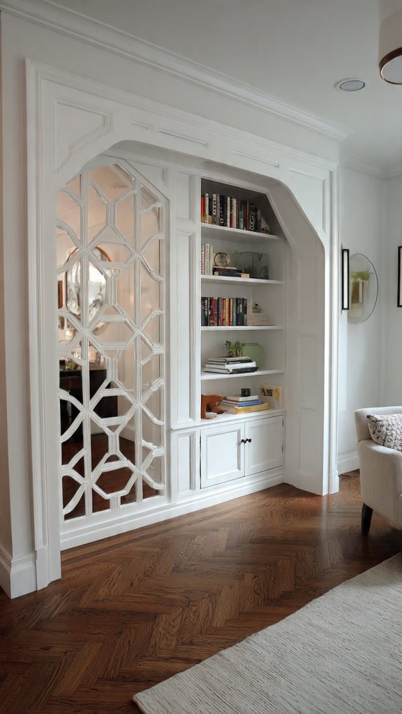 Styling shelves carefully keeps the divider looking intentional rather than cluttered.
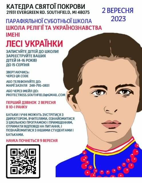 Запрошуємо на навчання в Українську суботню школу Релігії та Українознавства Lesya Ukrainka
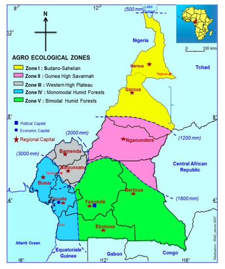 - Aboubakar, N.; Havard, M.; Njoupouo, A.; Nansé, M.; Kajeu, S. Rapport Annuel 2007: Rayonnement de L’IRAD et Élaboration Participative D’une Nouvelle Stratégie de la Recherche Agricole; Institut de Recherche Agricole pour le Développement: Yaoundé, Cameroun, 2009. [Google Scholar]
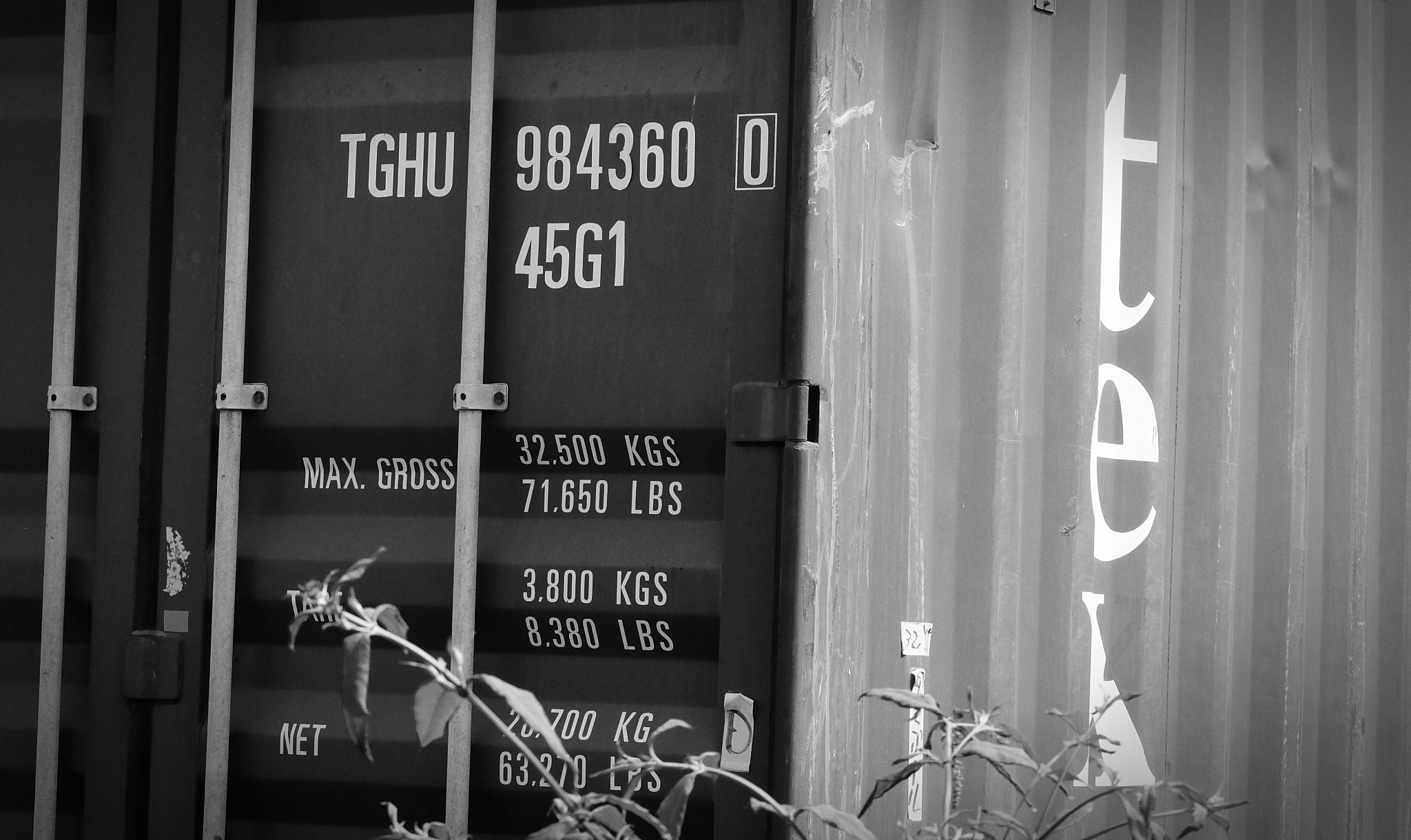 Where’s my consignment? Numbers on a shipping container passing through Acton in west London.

- [Instructions for the task]: Set the pictures aside and transcribe the data above exactly.

- [Response]:
 Styling shelves carefully keeps the divider looking intentional rather than cluttered.
 Запрошуємо на навчання в Українську суботню школу Релігії та Українознавства Lesya Ukrainka
 - Aboubakar, N.; Havard, M.; Njoupouo, A.; Nansé, M.; Kajeu, S. Rapport Annuel 2007: Rayonnement de L’IRAD et Élaboration Participative D’une Nouvelle Stratégie de la Recherche Agricole; Institut de Recherche Agricole pour le Développement: Yaoundé, Cameroun, 2009. [Google Scholar]
 Where’s my consignment? Numbers on a shipping container passing through Acton in west London.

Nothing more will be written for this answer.